**PROMPT**:
In the entries below, the lines from the one with "游戏画面由黄色小球和若干富有" through the one with "We resume our" are to be copied exactly; both ends count.

**MATERIAL PROVIDED**:

------------------------------

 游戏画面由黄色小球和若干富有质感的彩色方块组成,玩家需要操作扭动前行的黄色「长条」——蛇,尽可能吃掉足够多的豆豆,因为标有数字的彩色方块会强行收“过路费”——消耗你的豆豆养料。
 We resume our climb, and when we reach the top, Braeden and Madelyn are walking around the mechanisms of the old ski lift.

------------------------------

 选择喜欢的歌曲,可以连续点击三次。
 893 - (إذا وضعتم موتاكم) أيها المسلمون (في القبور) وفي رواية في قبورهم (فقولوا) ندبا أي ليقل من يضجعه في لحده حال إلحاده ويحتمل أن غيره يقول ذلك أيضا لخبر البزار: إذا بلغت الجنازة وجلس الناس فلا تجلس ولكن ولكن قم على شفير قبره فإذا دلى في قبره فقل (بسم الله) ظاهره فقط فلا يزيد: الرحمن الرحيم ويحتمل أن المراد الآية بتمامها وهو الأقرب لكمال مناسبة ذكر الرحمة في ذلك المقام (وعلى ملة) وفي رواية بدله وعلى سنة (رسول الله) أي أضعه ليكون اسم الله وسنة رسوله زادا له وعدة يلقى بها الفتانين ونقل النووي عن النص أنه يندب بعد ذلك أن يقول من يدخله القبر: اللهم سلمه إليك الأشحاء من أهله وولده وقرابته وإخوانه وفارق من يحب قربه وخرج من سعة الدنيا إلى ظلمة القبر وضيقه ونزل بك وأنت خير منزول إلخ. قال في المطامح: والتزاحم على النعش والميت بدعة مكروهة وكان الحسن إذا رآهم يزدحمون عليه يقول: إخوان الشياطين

------------------------------

**OUTPUT**:
 游戏画面由黄色小球和若干富有质感的彩色方块组成,玩家需要操作扭动前行的黄色「长条」——蛇,尽可能吃掉足够多的豆豆,因为标有数字的彩色方块会强行收“过路费”——消耗你的豆豆养料。
 We resume our climb, and when we reach the top, Braeden and Madelyn are walking around the mechanisms of the old ski lift.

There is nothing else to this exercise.